This article appears in October Family magazine.
Mom wanted the best for you when she advised, “Don’t slouch; sit up tall.” Good posture can be empowering.
For students who have test anxiety, simply sitting up straight can positively affect their performance, according to a new study by researchers at San Francisco State University.
Posture can aid in performance for people who anticipate doing poorly or “blanking out” on a math exam or in other pursuits, such as speaking in public or playing sports or music, said Erik Peper, a professor of holistic health at San Francisco State.
If you change your posture you can change your presence, Peper said. If you stand tall, not only will others see you as empowered but you will perceive yourself to be empowered, too.
“Pay attention; shift your intention,” said Richard Harvey, associate professor of holistic health at San Francisco State.
About the study
As part of the small study, 125 college students were tested to see how well they could perform simple math — subtracting 7 from 843 sequentially for 15 seconds — while either slumped over or sitting up straight with shoulders back and relaxed. Fifty-six percent of the students reported finding it easier to perform the math in the upright position. The study was not a math ability test.

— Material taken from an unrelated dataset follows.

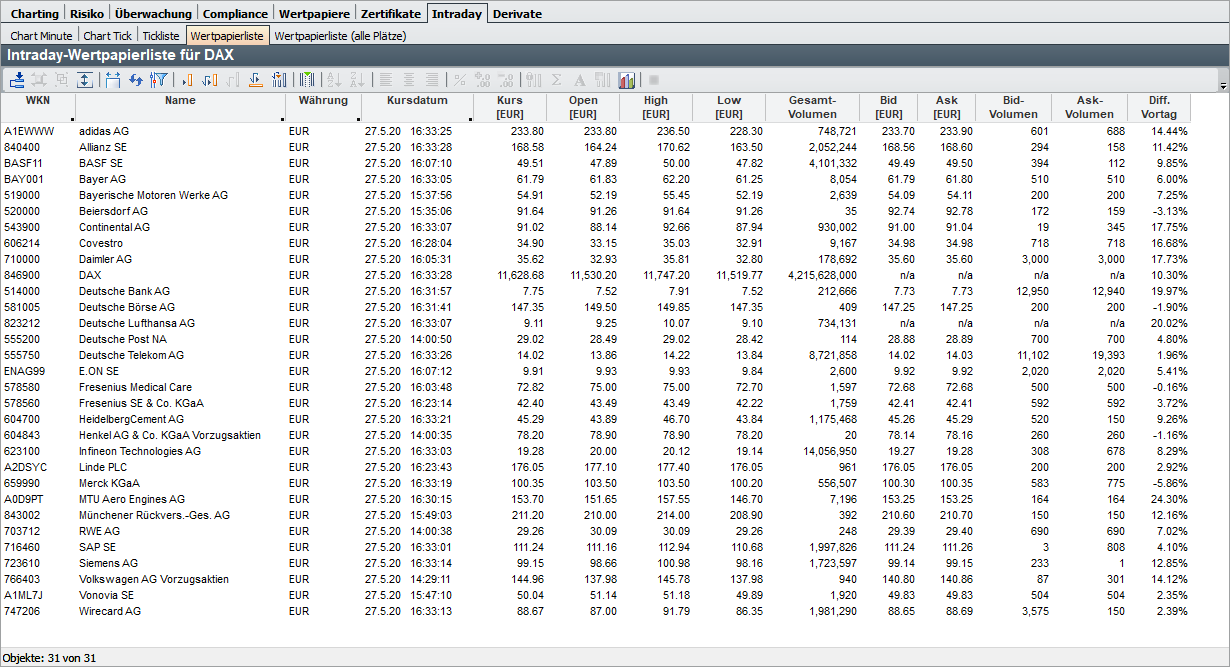 Sie finden die Vorlage "Intraday-Wertpapierliste" im Workspace von Ordnern und Filtern auf dem Worksheet "Intraday".

While many students feel anxious before tests, 32 percent report “severe test anxiety, fear of math and blanking out on exams while less than 10 percent report minimal test anxiety, fear of math and blanking out on exams,” Harvey said.
The upright head and erect posture only helps those who are anxious or fearful of blanking out, the study found. For the students in the study who reported the lowest test anxiety and math difficulty, there was no significant difference between slouched and erect positions in mental math performance. More importantly, students with the highest level of test anxiety rated the math task significantly more difficult in the slouched position, Peper said.
Assess your own posture
When a person feels defeated, exhausted or hopeless, he tends to slouch inward, bracing shoulders and curling in on himself, Harvey said. When a person feels optimistic or empowered he expands in space, getting taller, Peper said.
Thinking of it from an evolutionary angle, a slouched body position portrays that a person is feeling threatened, Harvey said. You’re reducing the width of the body from possible attack, he said.
Many people are unaware of how they carry themselves, especially as they walk around with mobile phones stuck to the sides of their heads, Harvey said. Their body position is sending a message to the brain. This defensive posture can trigger negative memories in both the body and the brain, Harvey said.
This positive posture approach can work for anyone who anticipates something will be difficult or challenging, Peper said.
Interested in changing your posture? Train yourself to stand up tall, Peper said. It sound easy, but it’s hard to change habits, Harvey said. If you slouch while sitting at the computer or while studying, adjust your workstation so the computer screen is at eye level. Invest in tech like Upright Go, a wearable device that vibrates whenever a person slouches.